With --max-rearrangement-ratio you can further influence a part of the preprocessing (value between 0 and 1). If you set this value to 1, it is switched off. If you set it to a very small value, you will also need more runtime and memory. If it is close to 1, however, just little re-arranging is done, which could result in a less memory-efficient layout. This parameter should only be changed if the layouting takes to much memory or time, because there it can have a large influence.

One last observation about these advanced options: If you expect hardly any similarity in the data set, then the similarity preprocessing makes very little difference.
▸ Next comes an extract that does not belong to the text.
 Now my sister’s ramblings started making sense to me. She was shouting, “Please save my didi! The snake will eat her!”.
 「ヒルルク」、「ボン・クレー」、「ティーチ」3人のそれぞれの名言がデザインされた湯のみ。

Another advanced Option: alpha

You should only touch the parameter --alpha if you have understood very well how the layout works and you are dissatisfied with the resulting index, e.g. there is still a lot of space in RAM but the index is very slow.
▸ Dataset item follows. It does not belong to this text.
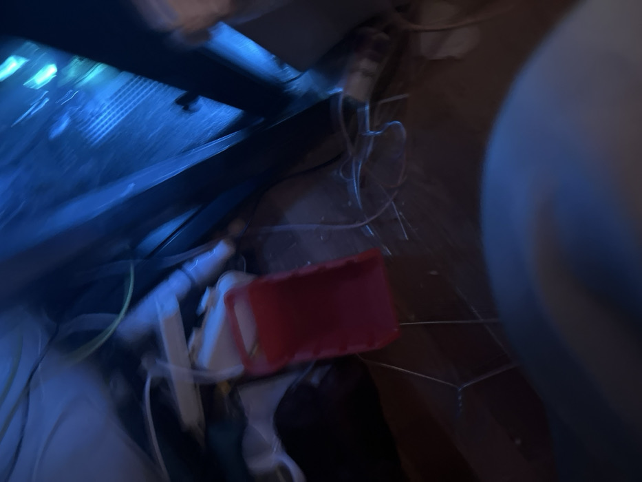 close-up of a red object, possibly a small toy, lying on a brown surface. It is partially obscured by a blue and black object in the background. The blue object appears to be made of plastic or metal. It is unclear what the red object is or its purpose. The blue object appears to be a screen, likely a computer monitor or television, with a blue light shining through the screen. The environment is dimly lit, with only the blue light from the screen illuminating the scene. The location is in Vũng Tàu, Vietnam, based on the provided coordinates.
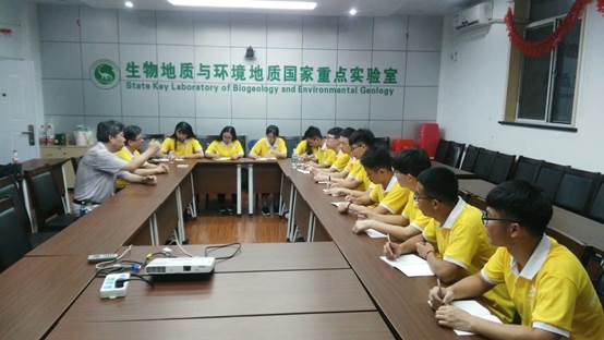此次交流学习内容丰富,实践团首先在童金南主任的带领下参观中国地质大学的生物地质与环境地质国家重点实验室,参观过程中童主任为同学们讲解有关地层与古生物化石的成因等方面的相关知识及国家重点实验室的主要研究对象与团队发展方向。随后,在老师的带领下,参观中国地质大学微生物实验、无机分析实验室等科研实验室。紧接着是中国地质大学beat365手机版官网入口党委副书记张晓红为同学们介绍beat365手机版官网入口的师资力量,教学资源,学科内容等。介绍完毕,由教育部长江三峡库区地质灾害研究中心周老师给同学们作关于考研方面的指导。针对考研方面的疑问,现场学生积极与老师们互动交流,老师们热情为学生们答疑解惑。行程最后,同学们自行参观校园,随处可见的地大文化令同学们此行收获颇丰。

The layout algorithm optimizes the space consumption of the resulting HIBF but currently has no means of optimizing the runtime for querying such an HIBF. In general, the ratio of merged bins and split bins influences the query time because a merged bin always triggers another search on a lower level. To influence this ratio, alpha can be used.

Alpha is a parameter for weighting the storage space calculation of the lower-level IBFs. It functions as a lower-level penalty, i.e. if alpha is large, the DP algorithm tries to avoid lower levels, which at the same time leads to the top-level IBF becoming somewhat larger. This improves query times but leads to a bigger index.